■ **Exercise objective**:
What is needed is an exact copy of every entry, without the pictures.

■ **Data**:
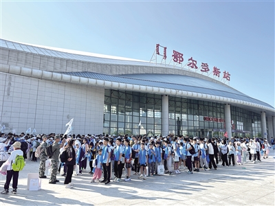 8月4日,由鄂尔多斯星光国际旅行社与北京青葱汇研学国际旅行社共同策划的广东“海丝阳江号”研学专列抵达鄂尔多斯站,860余名师生乘坐这趟专列,从南海之滨来到魅力暖城,穿越多个省区,行程几千公里,开启鄂尔多斯研学之旅。这是今年鄂尔多斯迎来的首列研学专列。
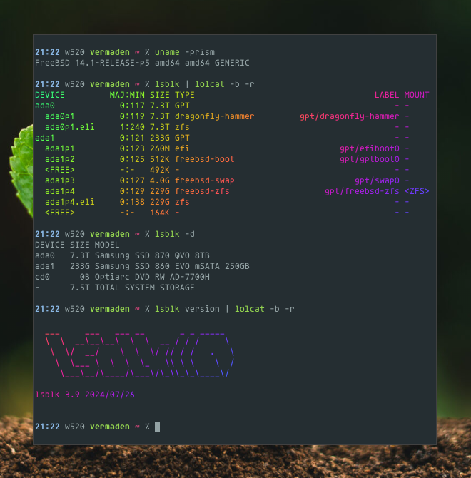在 FreeBSD 上以 lsblk(8) 风格列出块设备
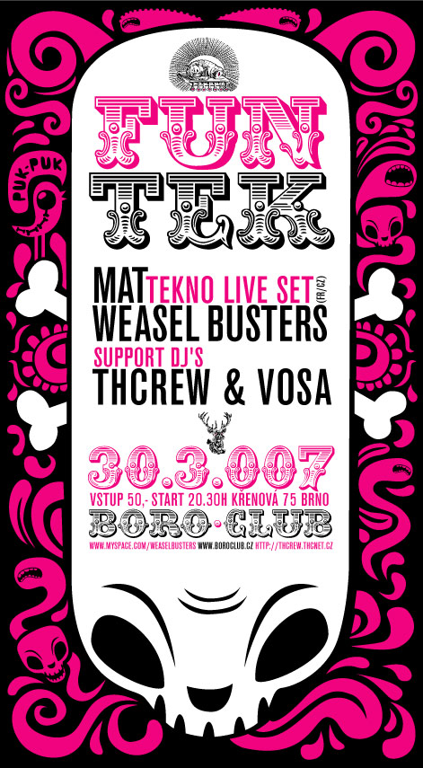 Mat Weasel Busters je v Brně oblíben nejen publikem, ale i dýdžeji. Vydal přes 40 desek na řadě labelů, např. Humungus, WAR, Tekita atd. Hraje veselé punkové free tekno se spoustou nečekaných a vtipných samplů. V Boro klubu, kde je maximálni kapacita 250 lidí, budete moci nahlédnout pod pokličku jeho skladatelského umění opravdu hodně zblízka. Obrázek o tom, co nás 30.března v Boru čeká, si můžete udělat zde..
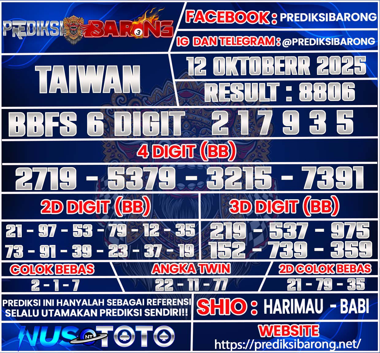 Prediksi Barong adalah layanan prediksi togel yang dirancang khusus untuk membantu para pemain togel dalam meraih keberuntungan. Pada edisi kali ini, kami menyajikan prediksi togel untuk pasar TAIWAN pada  Minggu 12 Oktober 2025. Dengan analisis mendalam dan metode yang telah teruji, kami berusaha memberikan angka-angka yang memiliki potensi tinggi untuk keluar. Prediksi ini tidak hanya berdasarkan keberuntungan semata, tetapi juga menggunakan data statistik dan pola permainan sebelumnya yang dapat memberikan wawasan lebih bagi para pemain.
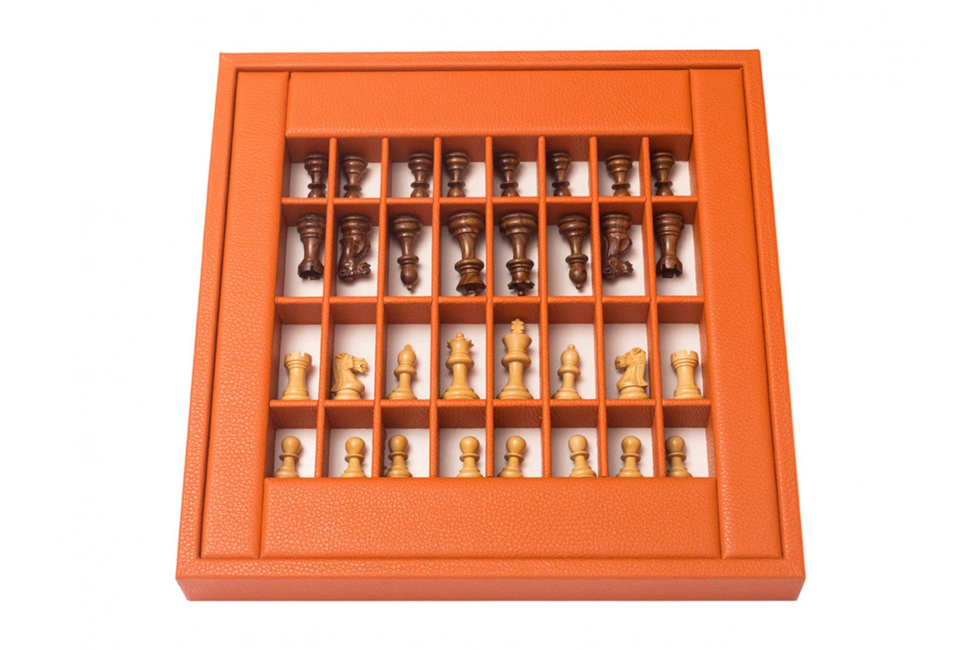 HECTOR SAXE Chess box - ORANGE leather Buffalo

■ **Response below**:
 8月4日,由鄂尔多斯星光国际旅行社与北京青葱汇研学国际旅行社共同策划的广东“海丝阳江号”研学专列抵达鄂尔多斯站,860余名师生乘坐这趟专列,从南海之滨来到魅力暖城,穿越多个省区,行程几千公里,开启鄂尔多斯研学之旅。这是今年鄂尔多斯迎来的首列研学专列。
在 FreeBSD 上以 lsblk(8) 风格列出块设备
 Mat Weasel Busters je v Brně oblíben nejen publikem, ale i dýdžeji. Vydal přes 40 desek na řadě labelů, např. Humungus, WAR, Tekita atd. Hraje veselé punkové free tekno se spoustou nečekaných a vtipných samplů. V Boro klubu, kde je maximálni kapacita 250 lidí, budete moci nahlédnout pod pokličku jeho skladatelského umění opravdu hodně zblízka. Obrázek o tom, co nás 30.března v Boru čeká, si můžete udělat zde..
 Prediksi Barong adalah layanan prediksi togel yang dirancang khusus untuk membantu para pemain togel dalam meraih keberuntungan. Pada edisi kali ini, kami menyajikan prediksi togel untuk pasar TAIWAN pada  Minggu 12 Oktober 2025. Dengan analisis mendalam dan metode yang telah teruji, kami berusaha memberikan angka-angka yang memiliki potensi tinggi untuk keluar. Prediksi ini tidak hanya berdasarkan keberuntungan semata, tetapi juga menggunakan data statistik dan pola permainan sebelumnya yang dapat memberikan wawasan lebih bagi para pemain.
 HECTOR SAXE Chess box - ORANGE leather Buffalo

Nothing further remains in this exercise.